Vector Databases in Production: pgvector, Semantic Search, and When It Actually Matters
Embeddings and vector search are the engine behind every serious AI feature in 2025: semantic search that understands intent rather than keywords, RAG systems that ground LLM responses in your data, recommendation engines that find "similar items" without hand-crafted rules, and duplicate detection that catches near-identical content.

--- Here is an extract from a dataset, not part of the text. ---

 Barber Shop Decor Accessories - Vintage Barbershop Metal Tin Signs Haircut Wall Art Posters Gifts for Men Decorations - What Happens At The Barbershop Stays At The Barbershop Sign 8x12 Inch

Before choosing infrastructure, you need to know when vector search actually outperforms keyword search - because "keywords vs. semantics" is not a binary. Most production systems that work well use both.

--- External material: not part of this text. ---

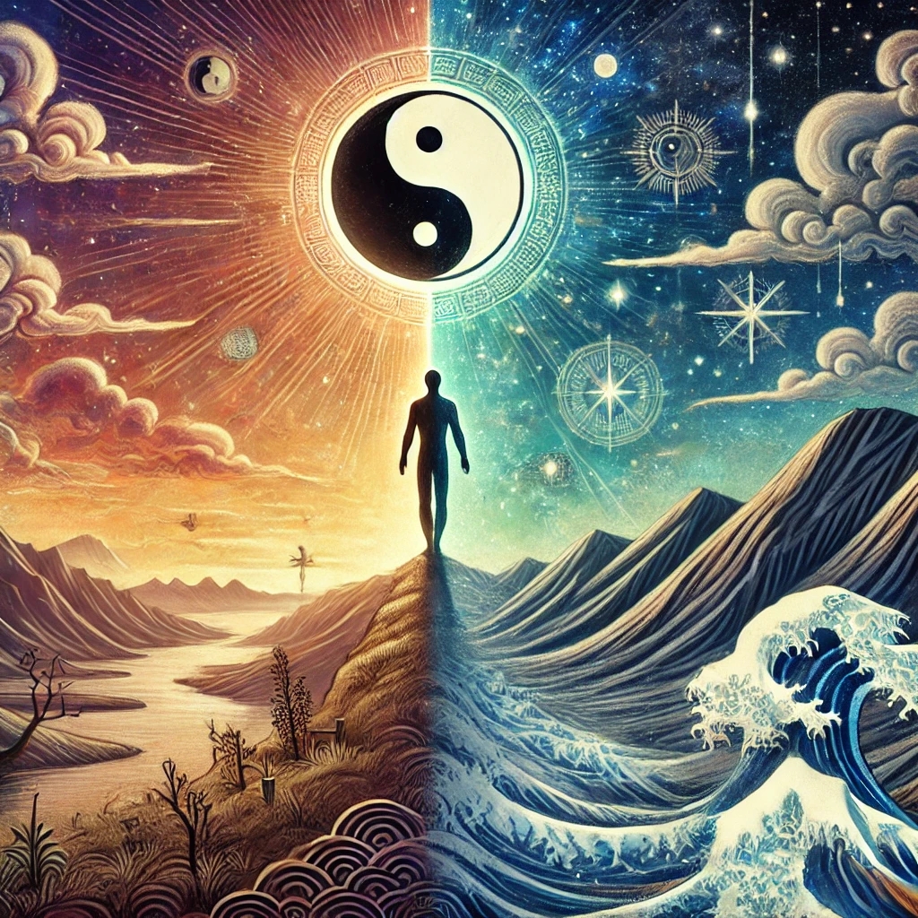 The concept of “Man divides Heaven and Earth” is a fundamental idea in Chinese philosophy, particularly in Daoism and Confucian thought. It relates to the idea that humanity serves as a bridge between Heaven (天, Tiān) and Earth (地, Dì)—two fundamental cosmic forces.

When semantic search genuinely wins
Keyword search (BM25, full-text) wins when:
- Users know the exact terminology (internal tools, technical documentation)

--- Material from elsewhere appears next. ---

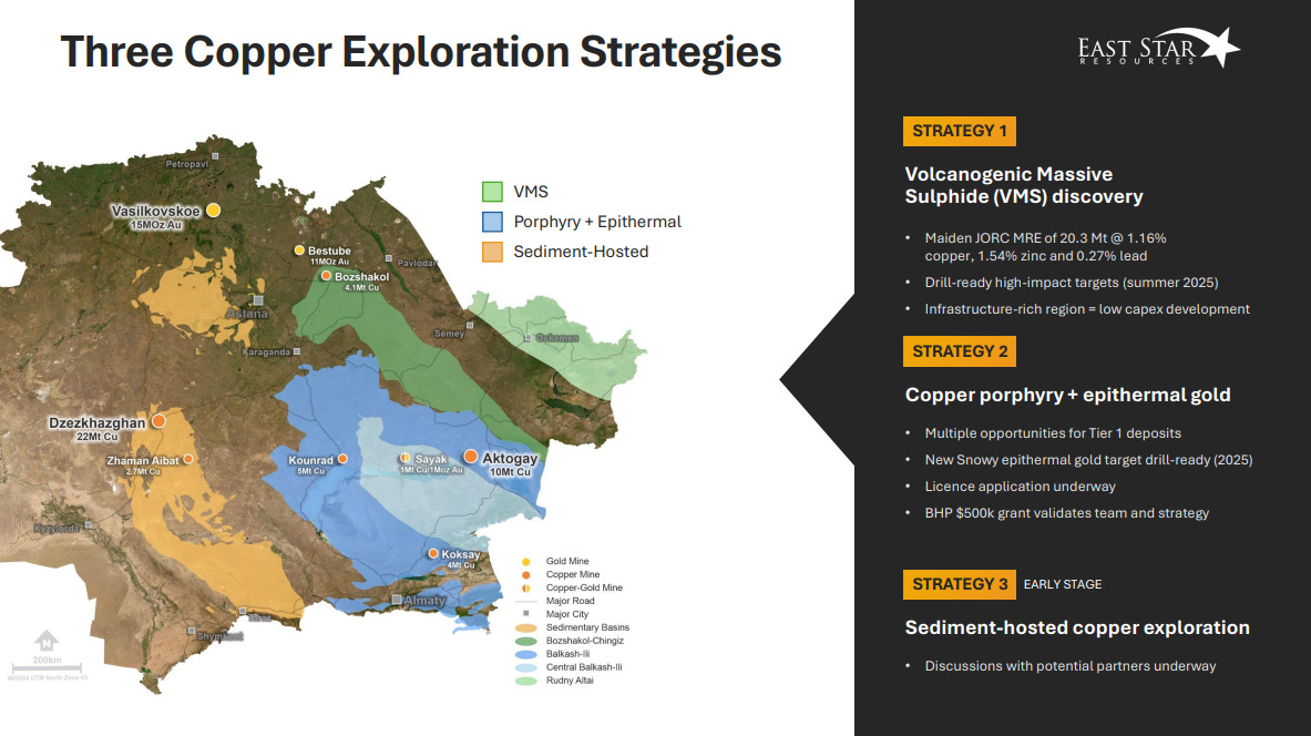East Star's management are based permanently in Kazakhstan, supported by local expertise. The Company is pursuing three exploration strategies:

- Queries are short and specific ("iPhone 14 case black")
- Typo correction and fuzzy matching cover most misses
- You can control the vocabulary (product catalog with known attributes)
Vector search wins when:
- Users describe what they want in natural language ("something for back pain when sitting at a desk")
- Synonyms and paraphrases matter ("couch" vs "sofa", "heart attack" vs "myocardial infarction")
- Cross-lingual search (query in Russian, find English documents)
- Conceptual similarity matters ("articles about managing remote teams" finds leadership content, not just articles containing "remote")
- Zero-shot new queries that keyword search has never seen
The honest answer for most apps: hybrid search. Vector search for conceptual relevance, keyword search for exact matches and terminology, combined via Reciprocal Rank Fusion (RRF). Start with keyword. Add vector when you see evidence that conceptual retrieval would improve results.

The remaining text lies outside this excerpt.